Dirinya menambahkan, penggunaan batu bara secara terus menerus menimbulkan dampak lingkungan dan kesehatan masyarakat. Sebagaimana terlihat di sejumlah kawasan industri di Sulteng dan Sulsel yang masih pakai PLTU batubara untuk operasional industri besar.
Dia menegaskan, klausul pengecualian dalam Perpres 112/2022 merupakan akar persoalan hingga harus koreksi. Karena itu, pada 20 September lalu, koalisi pengacara lingkungan mengajukan uji materiil perpres tersebut ke Mahkamah Agung.
Terdapat sejumlah alasan yang mendasari uji materiil itu, antara lain UU tentang Energi dan Ketenagalistrikan, UU Perlindungan dan Pengelolaan Lingkungan Hidup, UU Hak Asasi Manusia, serta UU Nomor 12/2011 tentang Pembentukan Peraturan Perundang-Undangan.
Perpres 112/2022, katanya, tersusun secara tergesa dan minim partisipasi publik, bahkan cenderung tertutup. Pola itu menguatkan dugaan bahwa regulasi itu bertujuan untuk melegalisasi dan mengamankan kepentingan industri energi fosil, bukan untuk melindungi lingkungan hidup dan hak warga negara.
PLTU captive adalah pembangkit listrik berbahan bakar batu bara yang dimiliki dan dioperasikan oleh perusahaan tertentu untuk memenuhi kebutuhan listriknya sendiri, biasanya dibangun terkait operasional tambang.

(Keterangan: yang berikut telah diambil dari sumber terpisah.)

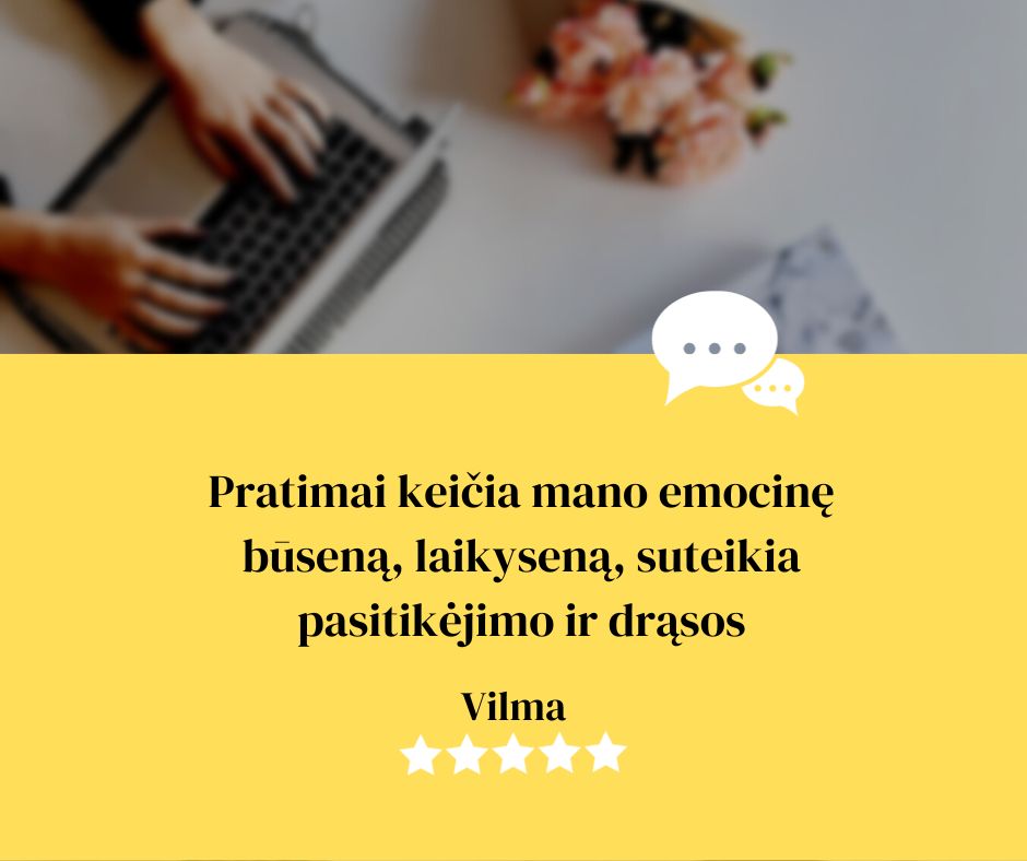 Pasiekiami rezultatai: Mano kursų dalyviai mato rezultatus, kuriais dalinasi su kitais dalyviais. Tai realūs pagerėjimai įvairiausiose (dažniausiais skausmingose) gyvenimo srityse.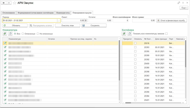Все приведенные АРМы являются шаблонными, соответственно заполнение полей таких как контрагенты, номенклатура и другое - примерное, все представленные колонки предусмотрены к заполнению, но зависят от наличия данных в программе.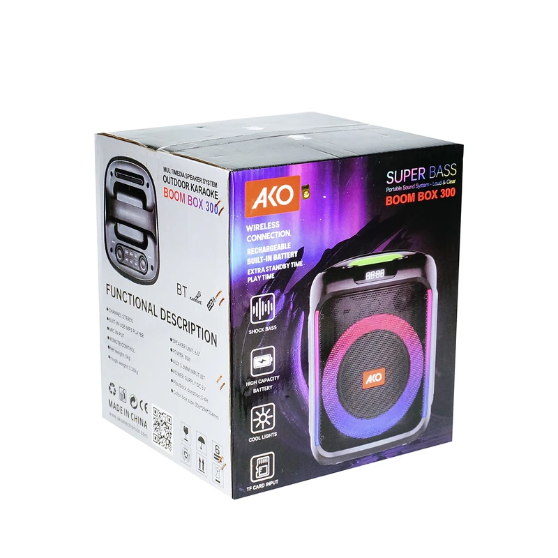 مشخصات اسپیکر بلوتوثی قابل حمل Boom box 300 نسخه بلوتوث: v5.1 برد بلوتوث : 10 متر پشتیبانی: جک 3.5 صدا و فلش دارای: میکروفون بی سیم ظرفیت باتری: 3000 میلی آمپر ساعت دارای: یک بلندگوی 6.5 اینچی توان خروجی کلی: 30 وات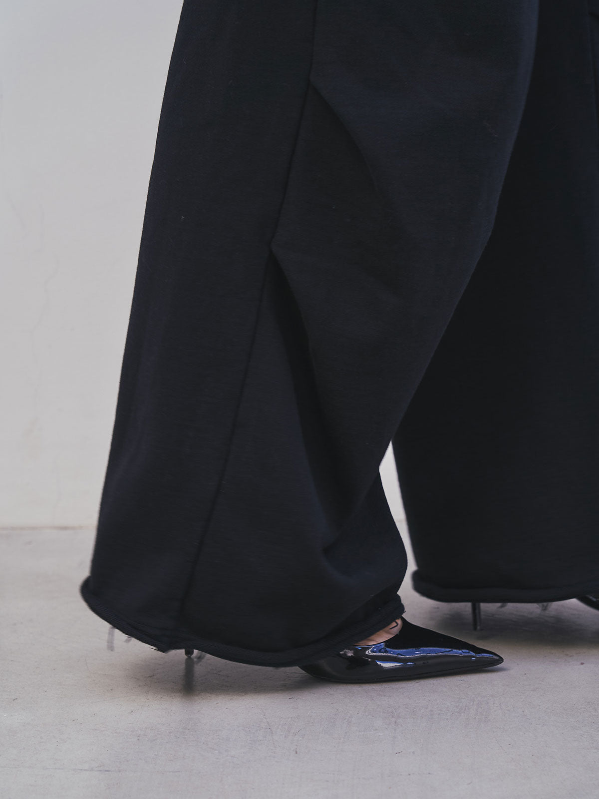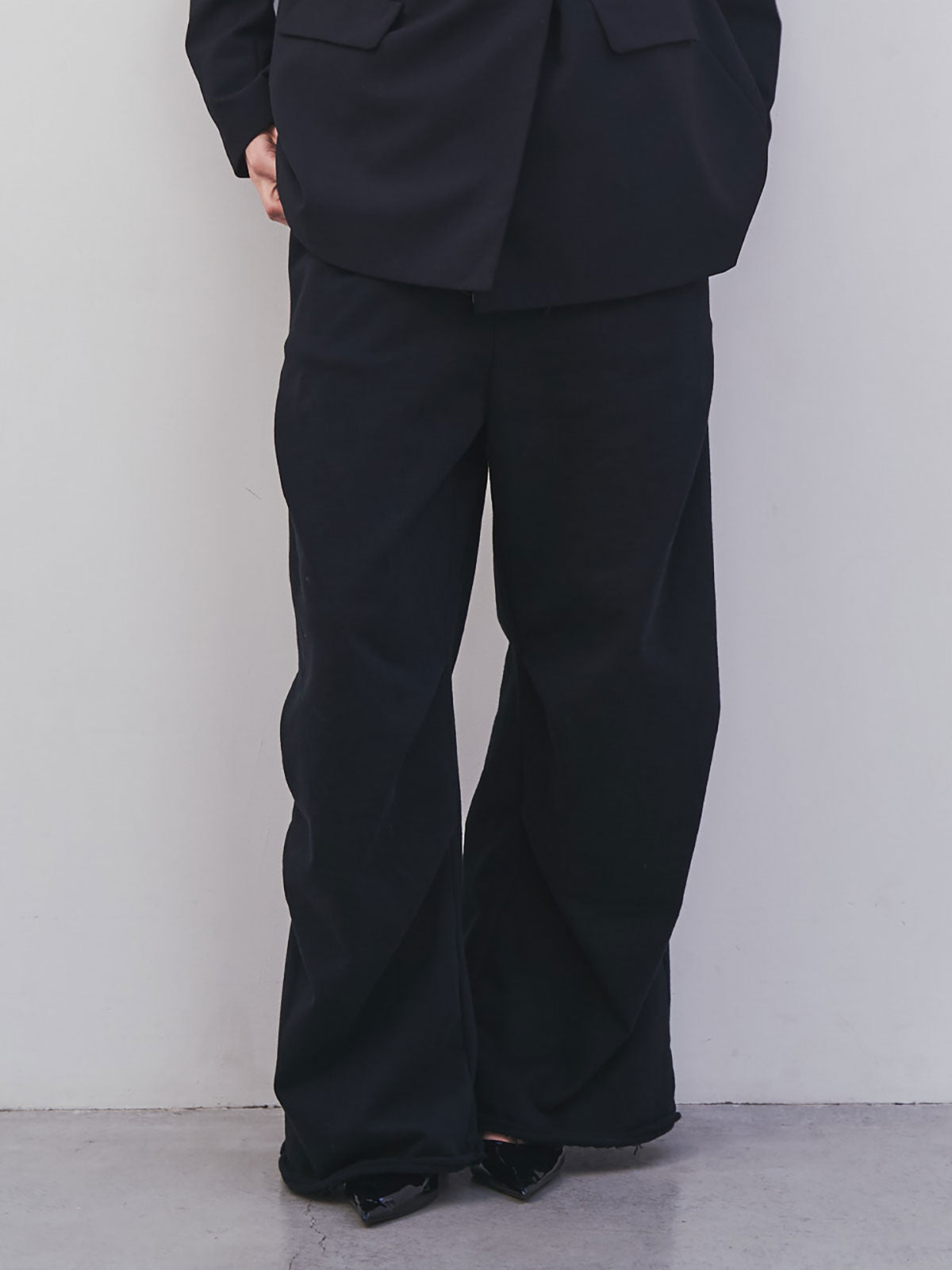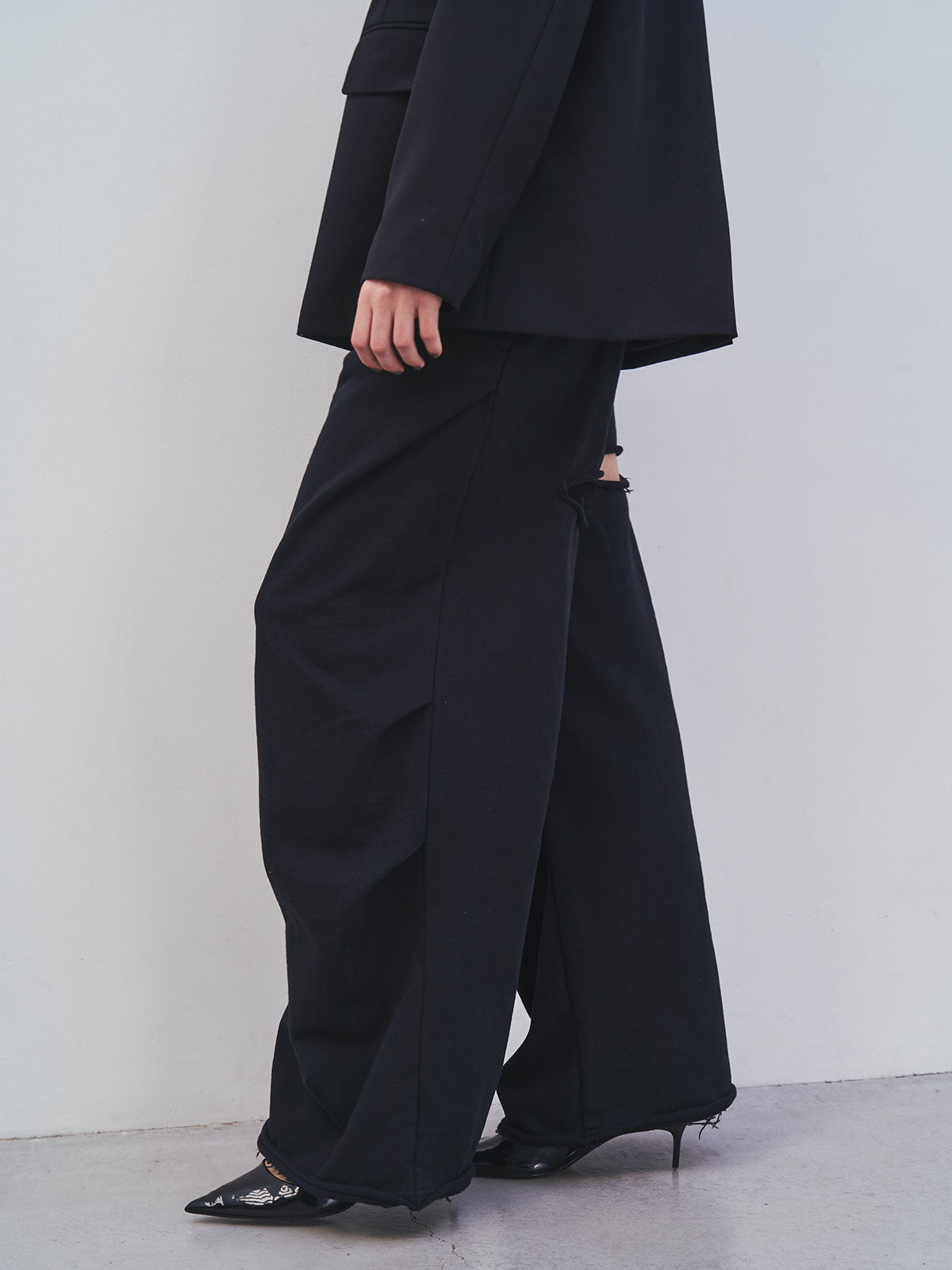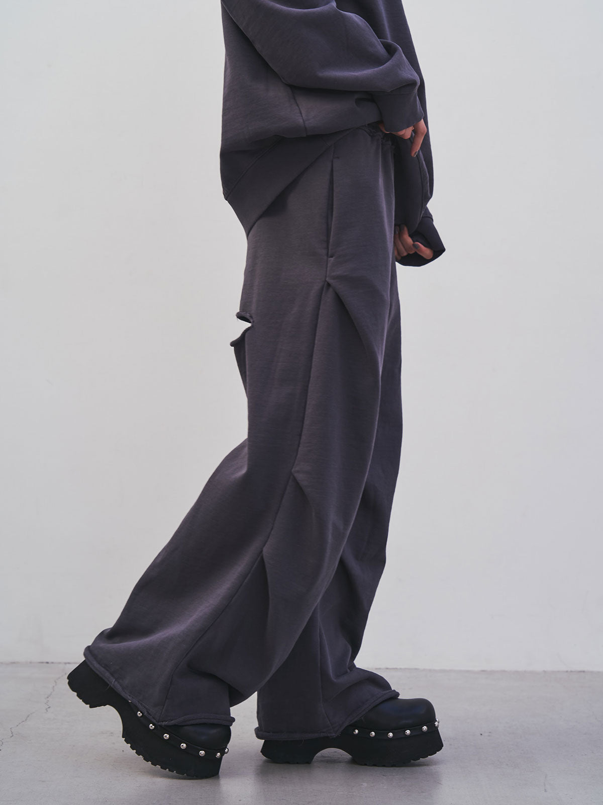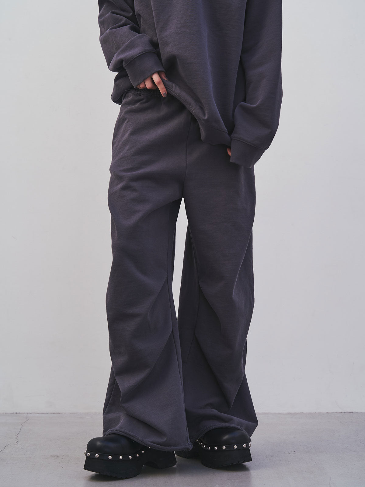 膝にタックを入れることで立体的なボリュームを生み出したスウェットパンツ。

Masifnya rencana pengembangan PLTU captive tersebut dinilai bertolak belakang dengan ambisi penurunan emisi Indonesia.
Berdasarkan Peraturan Presiden Nomor 112 Tahun 2022, PLTU captive hanya dapat beroperasi hingga tahun 2050 dan harus mengurangi emisi setidaknya 35 persen dalam waktu 10 tahun setelah beroperasi.
PLTU Captive milik perusahaan-perusahaan tersebut, dinilai merusak lingkungan. Paling kentara mengubah bentang sungai.
“Jadi awalnya sungainya bejalan normal, dia timbun total. Setelah diberitakan di media, dia buka tapi sedikit, jadi genangan tetap ada,” ujar Sandy.
Akhirnya, sungainya tercemar melampaui indeks baku mutu sampai di level lima. Pencemaran level tersebut, kata dia, sangat parah.
“Jadi baku mutu kelas satu tidak bisa diminum, tapi bisa untuk pertanian. Kalau kelas dua, tidak bisa untuk pertanian, kelas tiga untuk wisata tidak bisa,” ucapnya.
Di bagian pesisir, pencemaran akibat PLTU Captive terlihat secara kasat mata. Airnya hitam dan berminyak.
“Itu pelabuhan menyebar airnya sampai pesisir, sampai nelayan kehilangan wilayah tangkapnya,” imbuhnya.
Dua kemenangan itu, selain segera dieksekusi, kata Sandy, bisa menjadi dasar. Agar Mahkamah Agung (MA) mengabulkan uji materi Peraturan Presiden Nomor 112 Tahun 2022.
Gugatan tersebut diketahui diajukan Koalisi Sulawesi Tanpa Polusi. “Karena sudah ada pembuktian di tingkat tapak, maka harus dipandang oleh MA sebagai hal yang ril terjadi, dan harus secara tegas dinyatakan untuk menghapus Pepres yang digugat tersebut,” pungkas Sandy.